If you live in southern Australia, you probably think it’s cute when the British press freaks out about heat waves where the mean summer-time temperature is around 61°F (16°C), as it was last year. After all, the mean temperature in Adelaide—for the entire year—is 72.5°F (22.5°C). January, summer in south Australia, averages 85°F (29.4°C). But there’s nothing winsome about 115.9°F (46.6°C) weather, which is where thermometers maxed out in Adelaide during last week’s record-breaking heatwave.

If it feels like every month brings some novel or record-setting environmental disaster, it’s because, often, it does. Unfortunately, in an epic feat of brand mismanagement, the climatologists who first began ringing the alarm that Earth was on a crash course for inhospitality called the situation “global warming.” That remains accurate, on a planetary scale: 2018 was the fourth-warmest year on record, based on global annual temperatures.

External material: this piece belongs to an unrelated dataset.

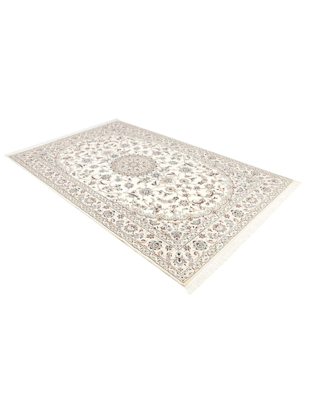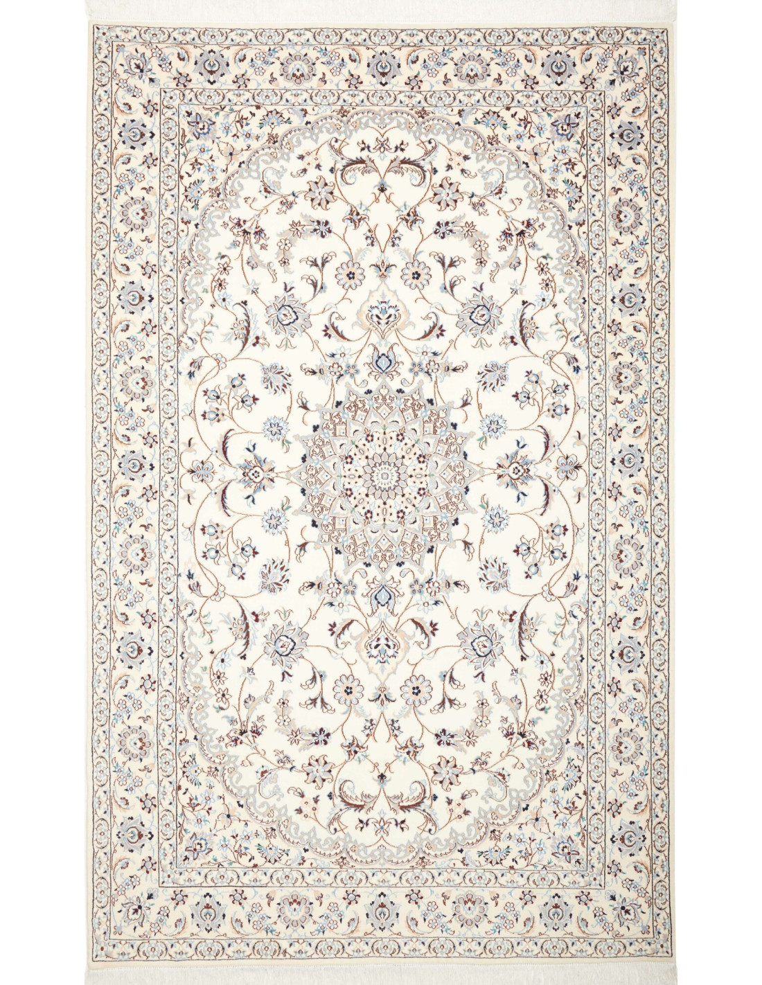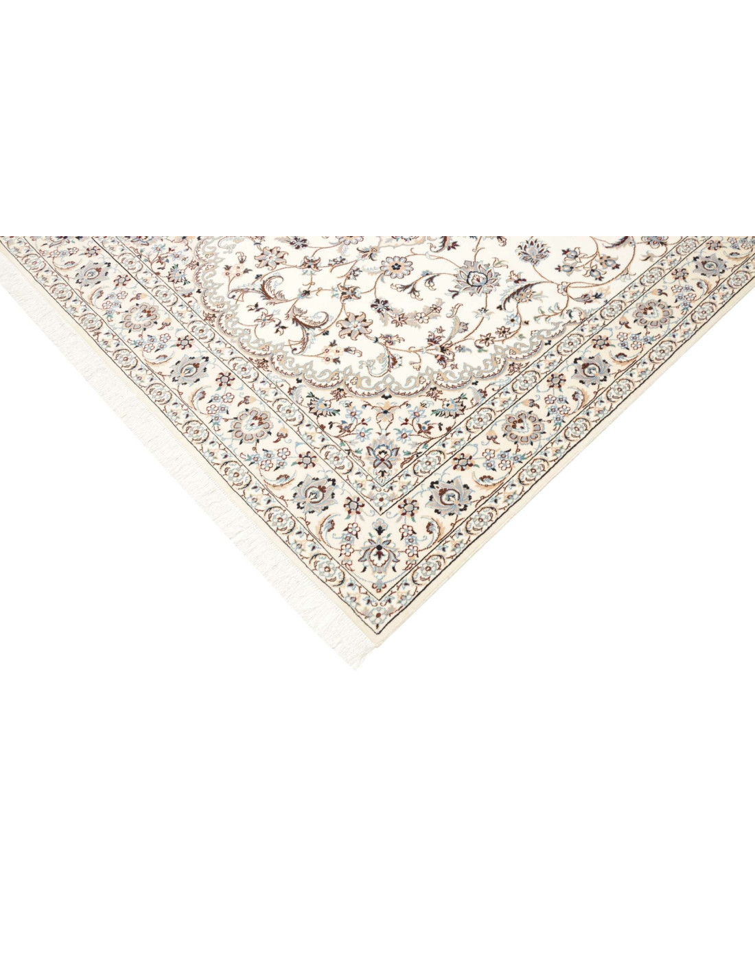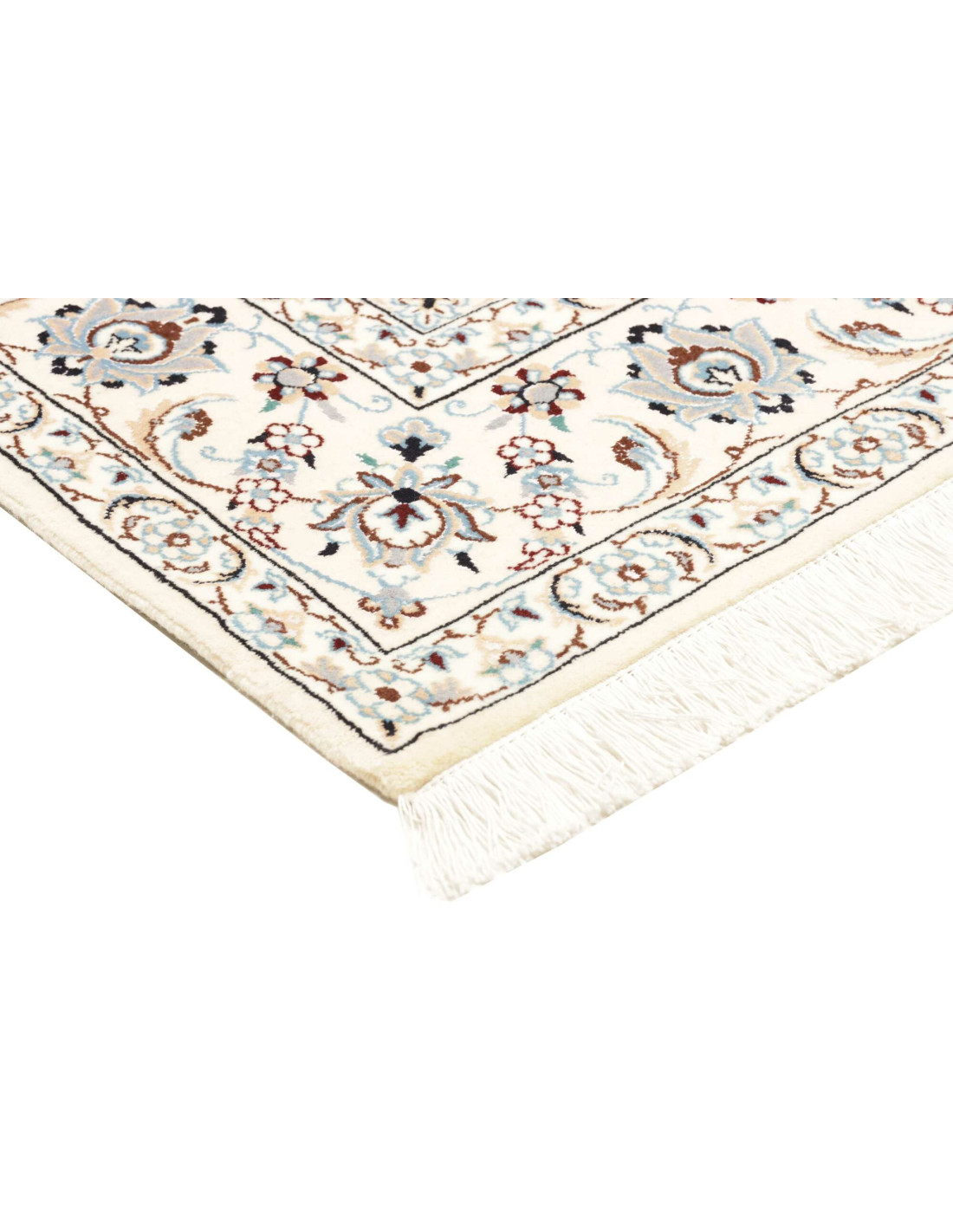 Aesthetically, Nain 9La rugs are characterized by their delicate floral motifs and arabesques, often arranged around a central medallion and framed by harmonious borders. Their dominant palette includes refined shades of ivory, beige, and blue, with soft contrasts that give the rug a luminous and elegant appearance. The term “9La” refers to the use of slightly thicker threads compared to Nain 6La rugs, ensuring outstanding quality while offering a more accessible option, without sacrificing timeless beauty.

The only years warmer were 2015, 2016, and 2017. Ocean surface temperatures, on average, have been steadily increasing since the 1970s.

But that term, “global warming,” is too easily misconstrued, too easily manipulated by bad-faith actors like US president Donald Trump, who point to cold weather events or rainstorms and say “how could Earth be turning hot and dry when it’s colder and raining more than ever?” These science deniers are disingenuous, of course; just take a peek underneath the hood of any politician spouting climate-change denials and you’ll find vainglorious party operatives and avaricious industry influencers lodged in the machinery.